The Titanoboa fossils were only ever found deep in caves and mines of South America. And he had never encountered them once in his travels anywhere except here.

What if they were more rare than anyone really knew? What if these were the total breeding population that ever existed? What if these were the last?

And then: How many have we killed?

CHAPTER 47

Something is out there.

The pair of three-fingered hands slowly pulled the foliage aside to watch the line of bipeds pass by. The pack leader knew they were clumsy, loud, and soft. But they had stingers that sounded like thunder and killed in a blink.

The Troodon pack leader made clicking sounds, and guttural coughs and squeaks, telegraphing the information to its pack. More heads poked through the green wall to watch.

Their hunting party was 20-strong, and they needed meat. They were always successful on their hunts and had many animals to choose from on the plateau. But this day, they had chosen to target the bipeds for another reason — revenge.

Their brood nests had been decimated just as the hatchlings were due to commence. Blood would be had, as well as meat.

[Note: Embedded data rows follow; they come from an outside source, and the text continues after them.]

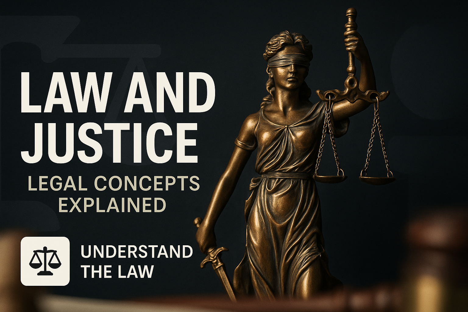 Informative Graphic on Legal Concepts Featuring Lady Justice
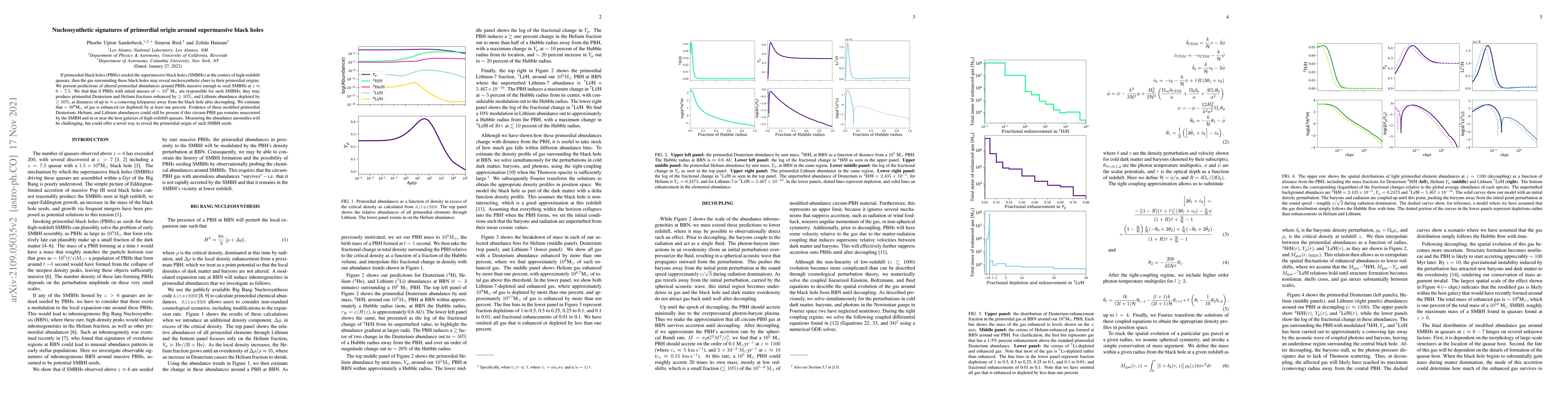 This paper explores nucleosynthetic signatures around supermassive black holes potentially seeded by primordial black holes, predicting enhanced nucleosynthetic abundances of Deuterium and Helium and depleted Lithium in surrounding gas. Such anomalies could provide evidence of primordial origins if the gas remains unaccreted, offering a novel method to investigate the formation of supermassive black holes.
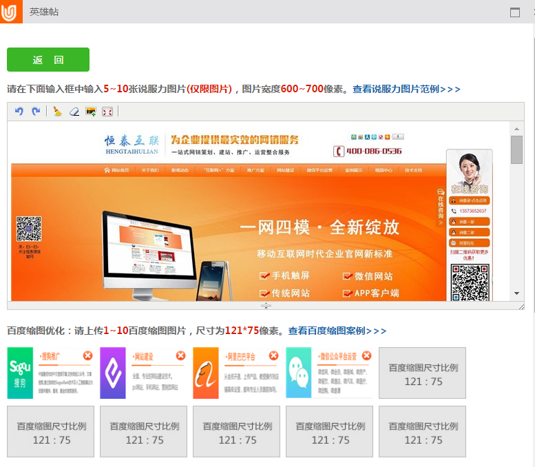 設(shè)置自動(dòng)優(yōu)化:自動(dòng)優(yōu)化讀取“商機(jī)行業(yè)匹配”分組,英雄帖自動(dòng)優(yōu)化是以商機(jī)行業(yè)匹配分組進(jìn)行優(yōu)化。優(yōu)化限圖片插入,不可插入文字,會(huì)影響已有排名,可以說服力圖片范例進(jìn)行優(yōu)化圖片再上傳優(yōu)化。設(shè)置成功,自動(dòng)針對(duì)分組商機(jī)信息自動(dòng)插入5~10張優(yōu)化圖片和優(yōu)化過的百度縮略圖,頁面美觀,大大提升流量轉(zhuǎn)化率。
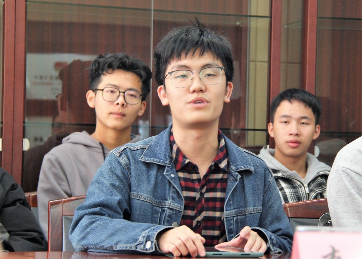 接着,我院足球队队长排尔哈提介绍了我院足球队的发展历程,从作为“小院弱队”的饱受歧视,到直面困难、奋起拼搏并夺取冠军宝座的自立自强。他强调正是队员们的同心协力、英勇顽强,才成就了最后的胜利。最后,他表达了继续带领学院足球队再创辉煌的决心。
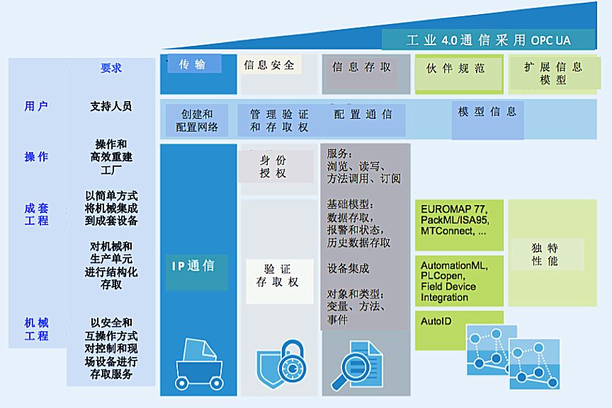 当前在德国,开放平台通信统一架构OPC UA的标准被公认为是一种有前途的、实现持续信息交换的方法。因此它已经成为工业4.0未来标准的主要候选者。德国机械制造协会VDMA与Fraunhofer IOSB发布了针对中小型机械制造企业如何在今后导入OPC UA及其迁移的可能策略的导则。导则明确的强调,OPC UA不是自动化实时通信的另一个标准,而是一种为目前尚处于信息孤岛的设备之间建立附加通信通道的工具。在工业4.0中,其主要任务为新的服务提供信息传输,而不是替代现有的实时通信协议。由于OPC UA只是实现新的客户场景的工具,所以没有必要等待客户对OPC UA提出明确要求才开始行动。特别是对于成套设备和机械制造厂商,应面该考虑的是实现这些场景大部分要建立在独立于供应商的基础上,而且保证信息交换的可互操作性。
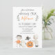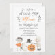 Convite de Aniversário do Dia das Cinzas Laranja Um convite de aniversário de cor aquática moderna, do Dia das Bruxas, com seis caracteres bonitos, em laranja, branco e cinza. Esta doce design é certamente a cena para a festa de aniversário temática do Dia das Bruxas de uma criança e é moderna no estilo.
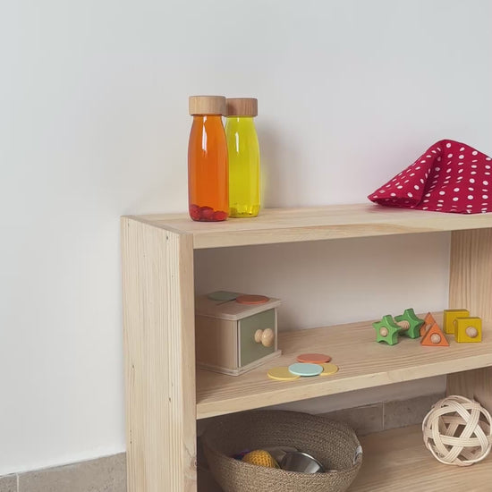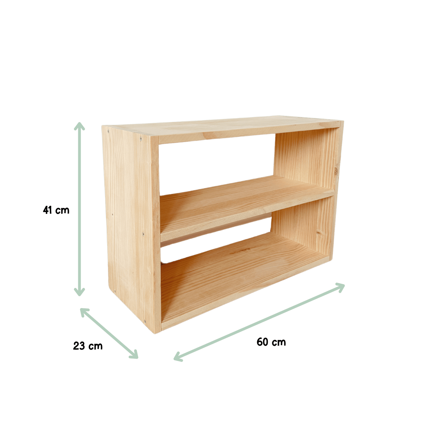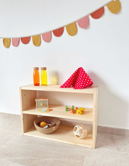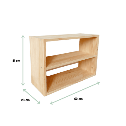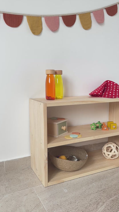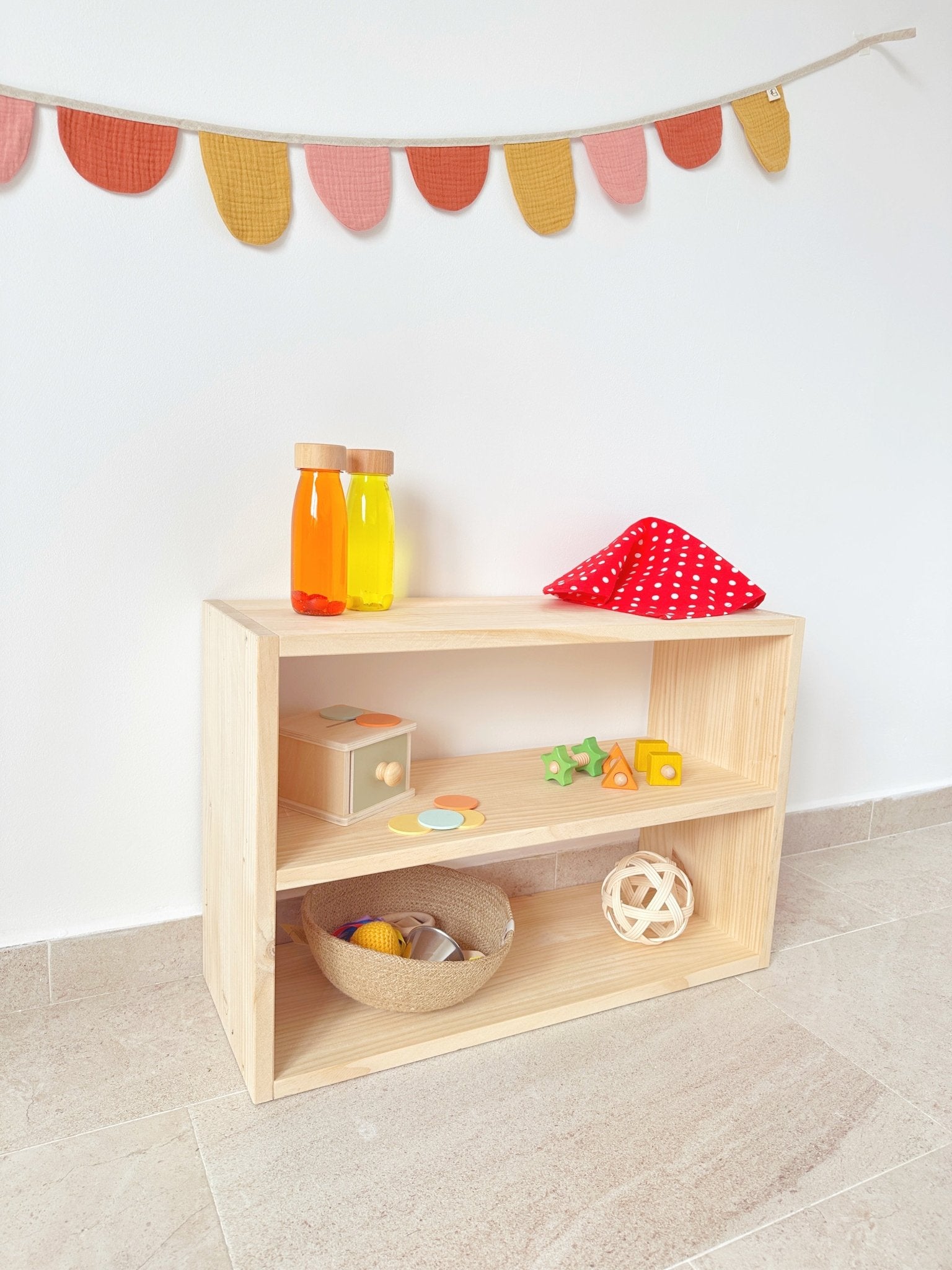Tamaño compacto ideal para habitaciones pequeñas, zonas de juego o como complemento a otras estanterías Montessori.
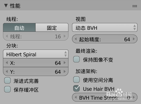 这里可以设置固定的线程来渲染,当你在渲染期间需要用电脑进行其他工作的时候,可以保留1~2个线程出来,分块是指每个线程计算的一小块有多大面积
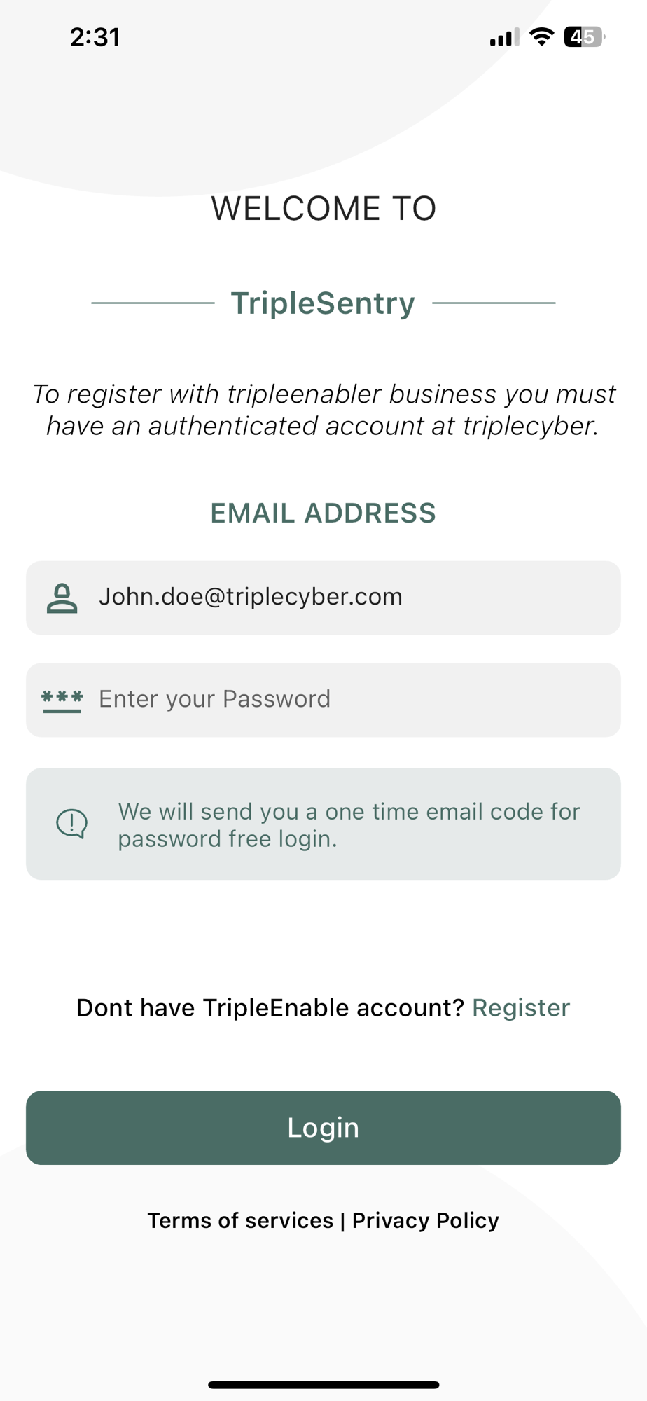 Authenticate with TripleSentry to Door Access and Login to TripleEnabler Ecosystem
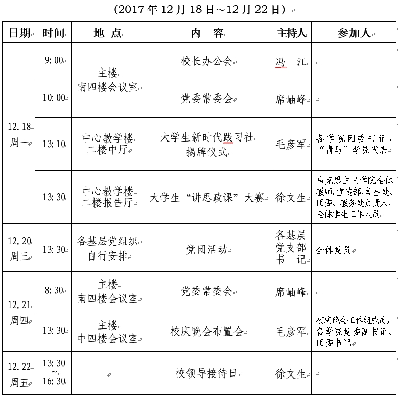 2017—2018学年第一学期第十七周工作要点
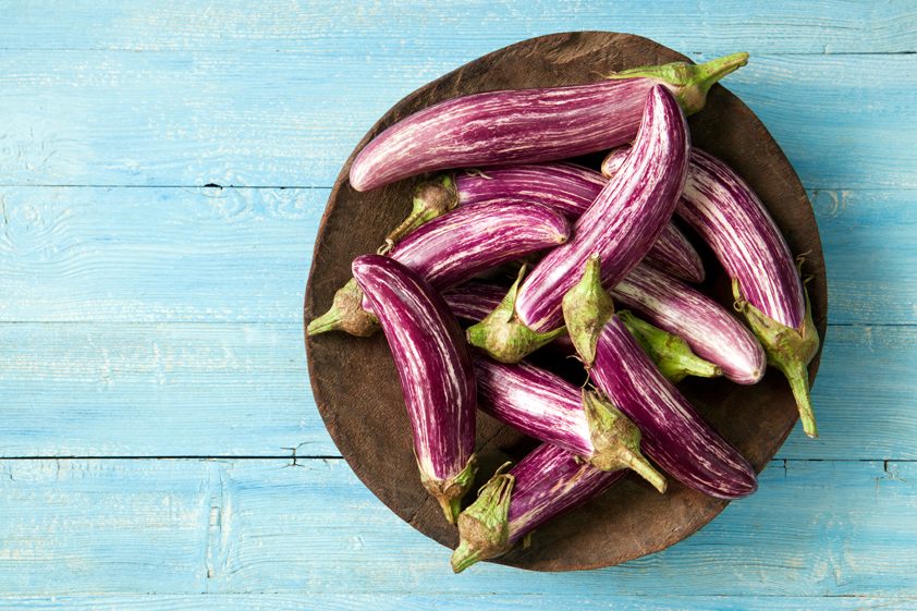 Entfernen Sie den Stängel der Perlina Auberginen und halbieren sie dann der Länge nach.

The pack leader saw how the line of bipeds was strung out, and how they seemed to tend to the injured member of their group. It decided on a strategy and then pulled back to organize their attack.

* * *

Drake, Ben, and Helen led them out. Ben tried to watch everywhere at once as the jungle was thickening and turning into pathways that were more like green tunnels that bored through a near impenetrable green tangle.

Drake helped Helen who was full of painkillers and wrapped in bandages but was so far managing okay. Ben hated that there were blood spots on her shirt and it told him that her wounds were still leaking — open wounds meant blood and that meant the smell of a wounded animal wafting through the jungle to any hungry predators.